C. S. Leigh (1964 – reported dead March, 2016) was a British-American film director based in London and Paris, who previously worked as a curator under the name Christian Leigh. From 1987 to 1993 he was a well known figure in the New York art world until he abruptly "disappeared". An exhibition about his career as a curator and the mystery of his disappearance took place in 2012. In 1998 he premiered his directing debut Sentimental Education under his own name Christian Leigh. His 2001 film Far from China starred singer and actress Marianne Faithfull and featured original music by Suede. His 2005 film See You at Regis Debray is about Andreas Baader. His last release was A Quiet American: Ralph Rucci & Paris, a documentary about fashion designer Ralph Rucci. Projection, starring Lars Eidinger and Yekaterina Golubeva, is currently in post-production.
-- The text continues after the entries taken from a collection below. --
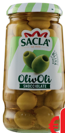
SACLA' OLIVE SNOCCIOLATE T 314
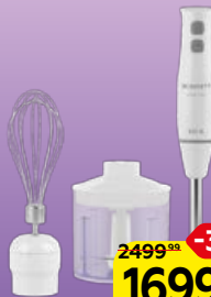
Блендерный набор СКАРЛЕТТ , 1 шт.
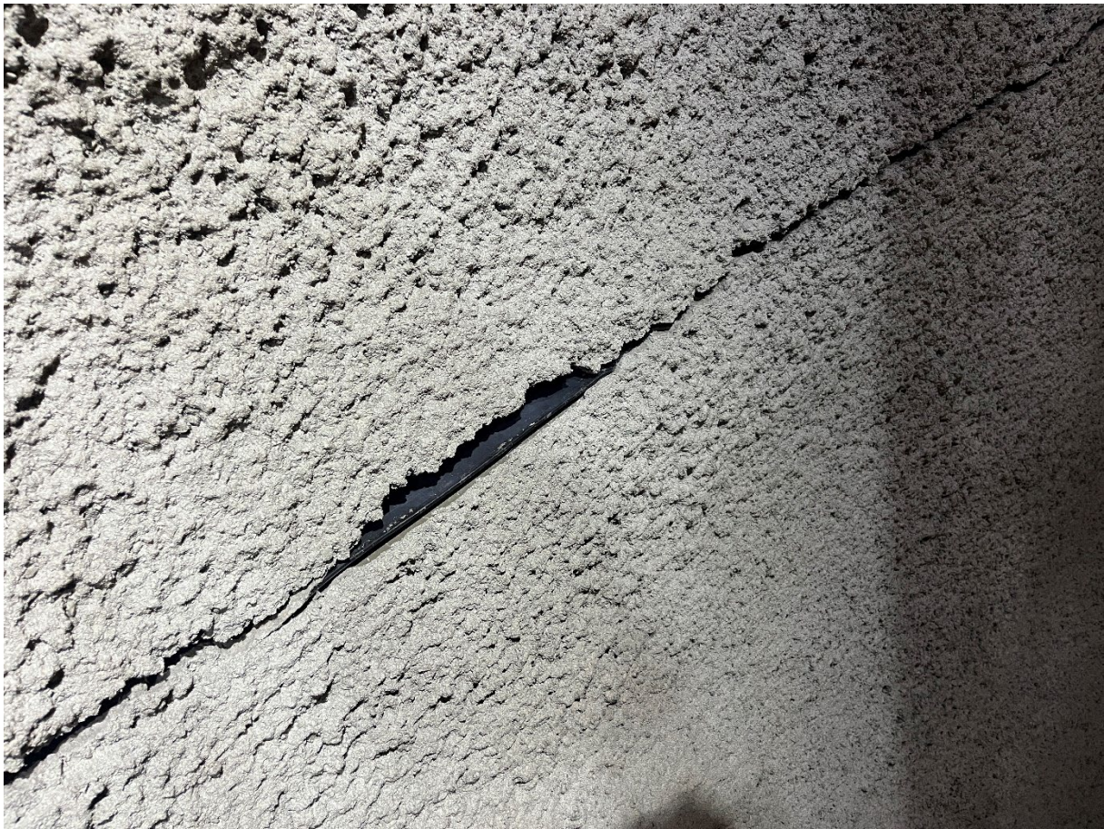
Figur 2: Riss i betong ved pel 365.
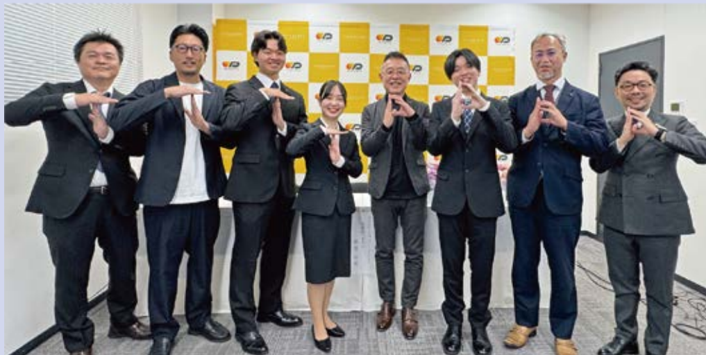
◀ みんな揃ってTDポーズ
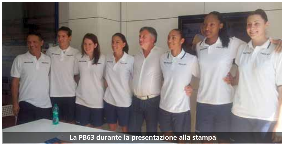
La PB63 durante la presentazione alla stampa
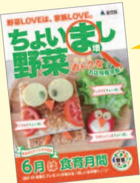
▲協力店スペシャル企画や料理教室などの一覧を掲載(写真はイメージ)

お得で楽しい特別企画・イベントはリーフレットをチェック! ■配布場所=こころとからだの健康づくり課/保健センター/地域学習センター/ギャラクシティなど ※5月25日ごろ配布開始
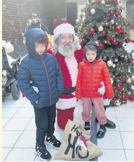
Der Weihnachtsmann kam am 24. Dezember auch ins Born Center und verteilte Überraschungen an die Kinder.
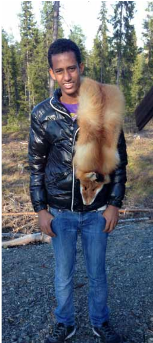
En av deltagarna blev väldigt förtjust i rävskinnet.

Under hösten bjöd Jägareförbundet Vilhelmina in till aktiviteter. Vid fyra träffar lyssnade deltagarna nyfiket på när jägare berättade om naturen, jägaren och jakten. Deltagarna fick även träffa älghunden Buck och se en älgstudsare. Som avslutning på Jägareförbundets aktiviteter var det 14 deltagare i alla åldrar som följde med på Älgsafari. Mer om projektet kan du läsa på: https://utvecklingsarenavilhelmina.wordpress.com/nyheter/idrott-for-alla/
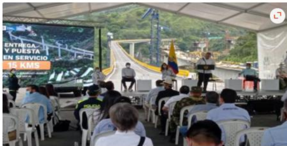
1/1 Alerta Tolima La Cariñosa Ibagué

Leigh's films are characterised by long takes (Giorgos Arvanitis is a frequent collaborator), minimal dialogue, 'extreme' content and references to art of all varieties. Welsh musician John Cale has composed music for two of his films: Process (2004) and American Widow (2009).
Japanese sound artist Ryoji Ikeda composed music for his film See You at Regis Debray (2005).

== Reported death ==
Neil Thomas Ward eulogizes Leigh's death in an article on Medium, dated March 2018. He refers to cinematographer Joachim Høge receiving information about Leigh's demise in an email from photographer Laurence Ellis (who has documented his earlier dealings with Leigh): "A coroner had contacted Ellis in March 2016, seeking details about the recently deceased Leigh. The coroner had searched for Leigh's name online and landed upon Ellis's website first." Ward is cited by John A. Riley in a memorial piece on his blog.

== Filmography ==
- Sentimental Education (1998)
- Far from China (2001)
- Nude, Descending... (2002)
- Process (2004)
- See You at Regis Debray (2005)
- American Widow (2009)
- A Quiet American: Ralph Rucci & Paris (2012)
- Projection (in postproduction)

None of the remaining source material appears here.